Thoughts provoked by all discussions about the state of the Net (not just here):

  • The Net is not social media, Google, or what any company does. The Net is everybody and everything on it.
  • Yes, the Net is the “network of networks” over which packets fly from point to point, but the point of the Net is the boundless number and variety of points at its ends.
  • The Net has no billing model, which is why it succeeded. All due credit to the phone and cable companies of the world, they never would have built the Net we know now had building it been left up to them in the first place. Same goes for the governments of the world.
  • Confusing or conflating the Net with what big companies or governments are doing on it it is like confusing or conflating the Earth with a few buildings sitting on it, downtown.
  • In respect to the above, see WorldOfEnds. David Weinberger and I wrote that more than ten years ago. Not sure how much we’d change it if we were writing it anew today. Same goes for Cluetrain, I suppose.

Thoughts about business

  • The scale that matters is the user’s or the customer’s. Not that of any one company serving those people.
  • We cannot get scale that fully matters if we get it only from a single company.
    • For example, Facebook, Google and Twitter do not give me scale. They can help, but the scale is theirs, not mine, because they are not agents of me. That is, they do not work for me. It’s more like the other way around. They are B2B, not B2C. Their customers are advertisers, not you or me. In fact, you and I are the products being sold to advertisers.
  • Google, Facebook and Twitter have the same problem that broadcasters have had for the duration: their customers and their consumers are different populations. They are financially accountable only to the businesses that pay for their services, rather than to the consumers of those services. (Ever try to call Google or Facebook to solve a problem? Good luck. You’re just a consumer.)
  • The day will come when Google, Facebook and Twitter, or their successors in the marketplace, will deal with their users directly as customers, rather than indirectly as users or consumers. They don’t want to do this now because business is good enough without “going direct” to millions (or billions) of people. But once enough people start paying for privacy, or for personal services, that will change, because the changes can be rationalized financially.
  • A path in that direction is to go freemium: charge extra for personal service, or hand-holding. Right now, for example, I would gladly pay Google for help with Gmail. But there is nobody to call, so I can’t.

A request

  • If anybody here (in Trieste, or at #SOTN13) has a Canon SLR zoom lens, preferably an L series one, that they can rent or loan to me, please let me know. The old one I brought with me is jammed. Thanks.

Observations, learnings:

  • Italian is so much more expressive than English. I love listening to it, even though I only get about 1% of what people are saying.
  • “Twitter is our playground.”

Writing this, live, in Fargo. Some notes on that, as I go along…

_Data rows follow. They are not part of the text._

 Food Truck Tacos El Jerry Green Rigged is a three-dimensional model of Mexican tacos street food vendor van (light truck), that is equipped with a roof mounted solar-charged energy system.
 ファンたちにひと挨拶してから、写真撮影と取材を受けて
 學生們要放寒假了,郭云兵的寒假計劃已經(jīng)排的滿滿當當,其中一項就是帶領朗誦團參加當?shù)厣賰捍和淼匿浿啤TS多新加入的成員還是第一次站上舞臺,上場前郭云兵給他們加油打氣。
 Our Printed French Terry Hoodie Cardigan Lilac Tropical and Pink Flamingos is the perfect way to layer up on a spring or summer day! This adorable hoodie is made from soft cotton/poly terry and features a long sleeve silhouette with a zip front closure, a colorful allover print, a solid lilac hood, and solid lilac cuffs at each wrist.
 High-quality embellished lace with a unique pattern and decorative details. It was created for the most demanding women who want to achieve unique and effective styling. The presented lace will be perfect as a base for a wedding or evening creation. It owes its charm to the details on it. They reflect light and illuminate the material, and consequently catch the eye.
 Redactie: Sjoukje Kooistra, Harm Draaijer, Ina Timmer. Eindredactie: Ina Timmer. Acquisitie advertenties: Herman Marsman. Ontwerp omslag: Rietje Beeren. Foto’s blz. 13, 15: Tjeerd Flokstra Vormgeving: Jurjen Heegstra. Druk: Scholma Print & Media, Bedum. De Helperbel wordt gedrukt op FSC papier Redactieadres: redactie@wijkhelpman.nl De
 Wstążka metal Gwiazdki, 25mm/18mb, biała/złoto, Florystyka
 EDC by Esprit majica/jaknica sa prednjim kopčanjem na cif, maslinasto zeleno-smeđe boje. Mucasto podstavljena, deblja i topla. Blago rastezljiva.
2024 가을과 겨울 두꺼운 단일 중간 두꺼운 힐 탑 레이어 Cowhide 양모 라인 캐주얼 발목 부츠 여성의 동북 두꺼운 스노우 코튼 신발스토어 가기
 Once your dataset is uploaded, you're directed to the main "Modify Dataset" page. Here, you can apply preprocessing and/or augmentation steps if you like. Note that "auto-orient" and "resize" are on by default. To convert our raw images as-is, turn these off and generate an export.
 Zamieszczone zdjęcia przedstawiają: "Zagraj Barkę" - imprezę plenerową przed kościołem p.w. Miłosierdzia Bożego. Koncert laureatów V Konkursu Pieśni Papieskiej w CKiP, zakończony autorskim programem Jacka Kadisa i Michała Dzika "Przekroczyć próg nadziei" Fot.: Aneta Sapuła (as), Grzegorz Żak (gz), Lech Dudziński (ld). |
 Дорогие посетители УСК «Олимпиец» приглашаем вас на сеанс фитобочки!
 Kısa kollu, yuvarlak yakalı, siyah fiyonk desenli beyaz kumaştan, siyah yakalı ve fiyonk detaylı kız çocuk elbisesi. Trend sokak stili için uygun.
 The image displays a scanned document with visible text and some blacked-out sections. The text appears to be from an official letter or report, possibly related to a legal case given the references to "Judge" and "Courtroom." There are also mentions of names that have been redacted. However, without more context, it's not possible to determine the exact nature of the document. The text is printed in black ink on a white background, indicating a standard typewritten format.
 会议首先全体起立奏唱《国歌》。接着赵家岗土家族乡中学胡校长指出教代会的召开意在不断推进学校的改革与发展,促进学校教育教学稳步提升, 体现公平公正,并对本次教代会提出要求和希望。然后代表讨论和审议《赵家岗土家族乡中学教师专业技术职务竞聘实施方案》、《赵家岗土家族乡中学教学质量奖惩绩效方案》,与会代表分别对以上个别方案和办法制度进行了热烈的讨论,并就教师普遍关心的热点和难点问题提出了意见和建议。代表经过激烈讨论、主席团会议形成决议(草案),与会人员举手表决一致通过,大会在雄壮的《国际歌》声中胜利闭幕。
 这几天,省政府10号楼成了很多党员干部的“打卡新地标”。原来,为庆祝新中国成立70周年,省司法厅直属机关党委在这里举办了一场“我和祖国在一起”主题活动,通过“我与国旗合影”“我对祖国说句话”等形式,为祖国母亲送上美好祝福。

  • I love being able to write this in outline form. It’s perfect for taking live notes. I think, in fact, that doing things like this will be a primary use case for outlining.
  • Need to remember to highlight the outline headline before clicking on the WordPress symbol to save it in the blog
  • This is great: I can add categories in WordPress without screwing up the outline I’m writing in another browser tab in Fargo.
  • Debug (note: Fargo is at v0.71):
    • I keep getting warnings telling me that I have a choice to save the current or a newer outline. I keep choosing the current one, and that works.